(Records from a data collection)
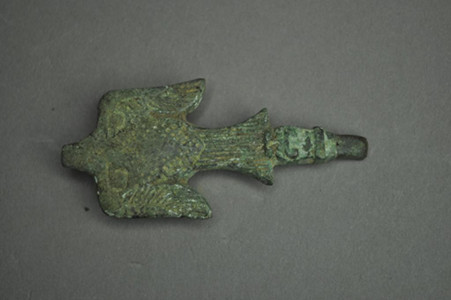 燕形带钩(图10),其外形似展翅飞翔的燕子,双眼及燕尾羽毛铸造的清晰可见,燕尾部被一怪兽紧咬,其背面有圆形钩钮,风格写实,为典型的禽类写真带钩。长7厘米,宽3.60 厘米。
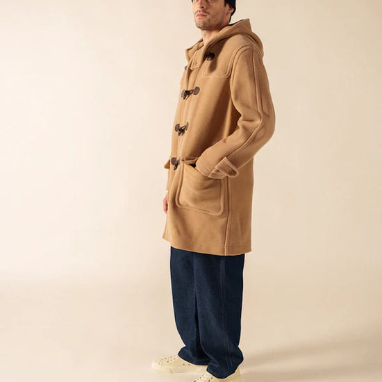 Functional design meets thoughtful details with patch pockets with flaps, perfect for storing essentials, alongside an inside patch pocket with button for added convenience. The button fastening cuff tabs provide a tailored finish to the sleeves, while the inner neck tape enhances comfort and durability. Designed for daily wear in cooler seasons, this classic duffle-coat combines style, warmth, and heritage in one enduring piece.
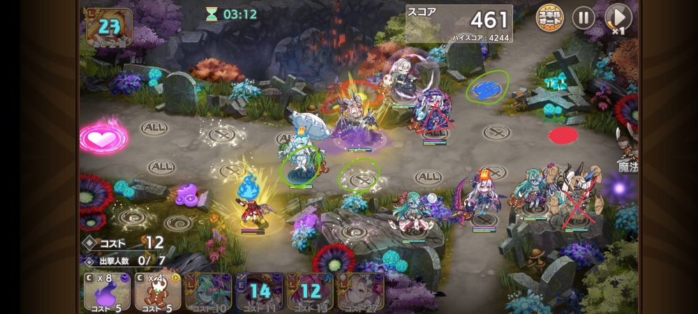 バツ印したメジエを外して赤で塗りつぶしたところに通常ディフォーラを配置しました。
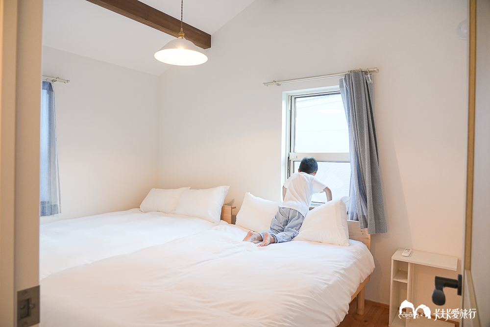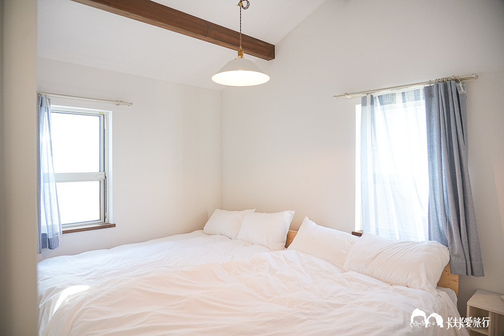 臥室部分都在二樓,總共有三間四人房,每一間都延續了「木光煦日」的簡約風格,純白牆面、木質點綴與對外窗的柔和光線,構成了最舒服的睡眠空間
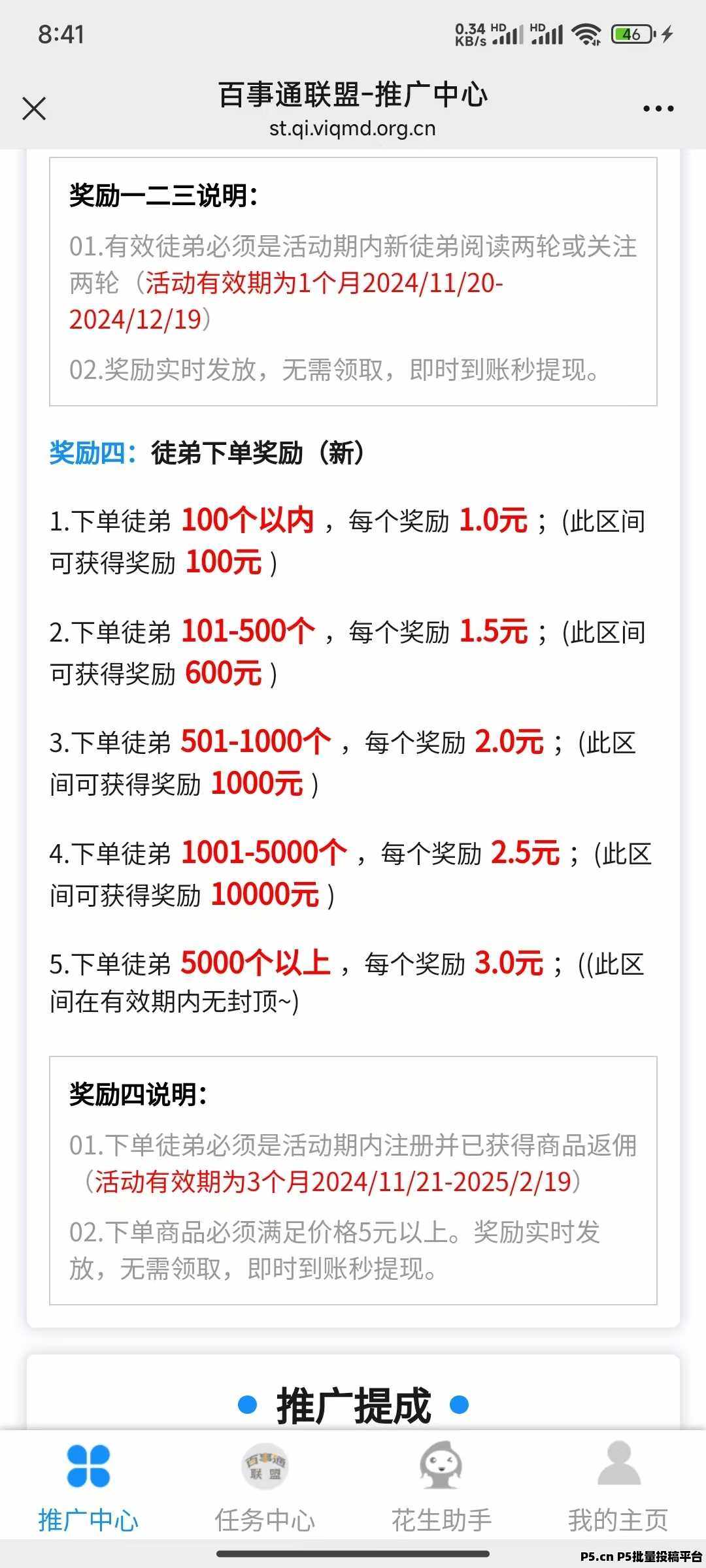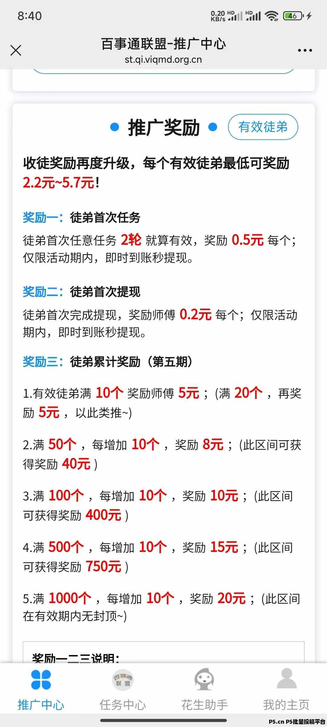 百事通任务联盟提供了丰厚的推广奖励机制,用户可以通过邀请好友加入,轻松获得推广奖励:

> Description of the task
In the records above, find the line that contains "Functional design meets". Retype it and every line after it, exactly, leaving out all pictures.

> Written solution
 Functional design meets thoughtful details with patch pockets with flaps, perfect for storing essentials, alongside an inside patch pocket with button for added convenience. The button fastening cuff tabs provide a tailored finish to the sleeves, while the inner neck tape enhances comfort and durability. Designed for daily wear in cooler seasons, this classic duffle-coat combines style, warmth, and heritage in one enduring piece.
 バツ印したメジエを外して赤で塗りつぶしたところに通常ディフォーラを配置しました。
 臥室部分都在二樓,總共有三間四人房,每一間都延續了「木光煦日」的簡約風格,純白牆面、木質點綴與對外窗的柔和光線,構成了最舒服的睡眠空間
 百事通任务联盟提供了丰厚的推广奖励机制,用户可以通过邀请好友加入,轻松获得推广奖励:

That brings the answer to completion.